In its ruling, the Appeals Court noted that in Arizona whether a defendant owes a plaintiff a duty of care does not turn on the foreseeability of injury. In determining whether a duty exists, the court does not undertake a fact-specific analysis or look at the parties actions. In Arizona, this duty may arise from (a) the relationship between the parties or, alternatively, from (b) public policy considerations. The court addressed both possible duty sources in their decision. Regarding the relationship, the court noted that plaintiffs failed to contend that Reynolds and Quiroz had either a special or categorical relationship. The court then went on to decline to address the plaintiff’s argument regarding the foreseeability of Quiroz’s injury as foreseeability is not a consideration in determining whether a duty exists under Arizona law. Regarding public policy, the court noted that a duty of care can originate in public policy arising from statues or common law. However, absent either, they typically will not find a duty based on public policy. The plaintiffs failed to cite any statutory or common law basis supporting a public policy duty. Instead, they raised other public policy factors, such as reasonable expectations of parties and societies generally and likelihood of unlimited or insurer-like liability, each of which the court declined.

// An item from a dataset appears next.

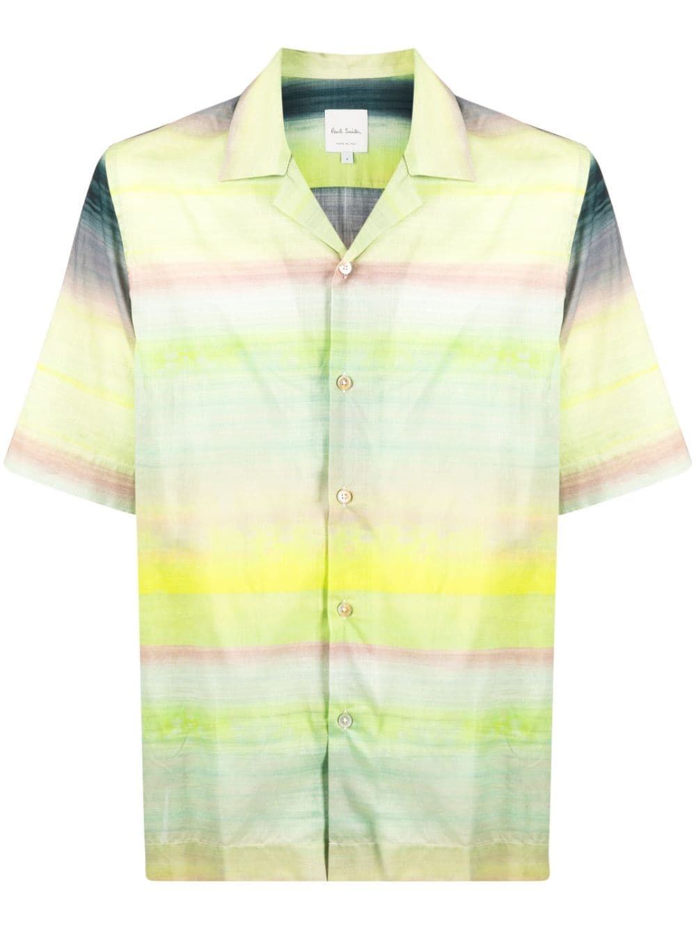 'UNTITLED STRIPE' SHORT-SLEEVE SHIRT FROM PAUL SMITH FEATURING GREEN, COTTON, HORIZONTAL STRIPE PATTERN, NOTCHED COLLAR, SHORT SLEEVES, FRONT BUTTON FASTENING AND STRAIGHT HEM.

Based on Quiroz’s lack relationship with Reynolds, the Appeals Court upheld the trial court’s granting of summary judgment and concluded the potential drawbacks of recognizing a duty of care in take-home exposure cases outweigh the potential benefits. The court also distinguished other out-of-state decisions. The plaintiffs relied on decisions from New Jersey (Olivo v. Owens-Illinois, Inc., Supra), Tennessee (Satterfield v. Breeding Insulation Co., 266 S.W.3d 347 (Tenn. 2008)), Louisiana (Zimko v. Am. Cyanamid, 905 So. 2d 465 (La. Ct. App. 2005)), and Washington (Rochon v. Saberhagen Holdings, Inc., 140 Wash. App. 1008, 2007 WL 2325214 (Wash. Ct. App. Aug. 13, 2007). The court distinguished these cases by the fact that they rely on foreseeability in their duty analysis

The court went on to recognize that states, such as Arizona, which focus more on the relationship between the parties, as opposed to foreseeability, have not found a duty of care in take-home cases against premise owners. These other states are New York (Holdampf v. A.C. & S., Inc. (In re New York City Asbestos Litig.), 5 N.Y.3d 486 (2005)), Delaware (Price v. E. I. DuPont De Nemours & Co., 26 A.3d 162 (Del. 2011)), Ohio (Boley v. Goodyear Tire & Rubber Co., 125 Ohio St. 3d 510 (Ohio 2010)), Texas (ALCOA, Inc. v. Behringer, 235 S.W.3d 456 (Tex. App. 2007)), Georgia (CSX Transp., Inc. v. Williams, 278 Ga. 888 (Ga. 2005)), and Michigan (Miller v. Ford Motor Co. (In re Certified Question), 479 Mich. 498 (Mich. 2007)).

Clearly, premises owners in states where the court is looking at the relationship of the parties have a greater chance of defending their take-home exposure cases. At the very beginning of a case, it would be beneficial for a premise owner to know which, foreseeability or relationship, governs their liability in order to properly prepare its defense. Those in States that rely on foreseeability may have a more difficult time defending. However, they may still have a defense in a state like New Jersey in a non-spouse take-home case, where the law is developing and is going forward on a case-by-case basis.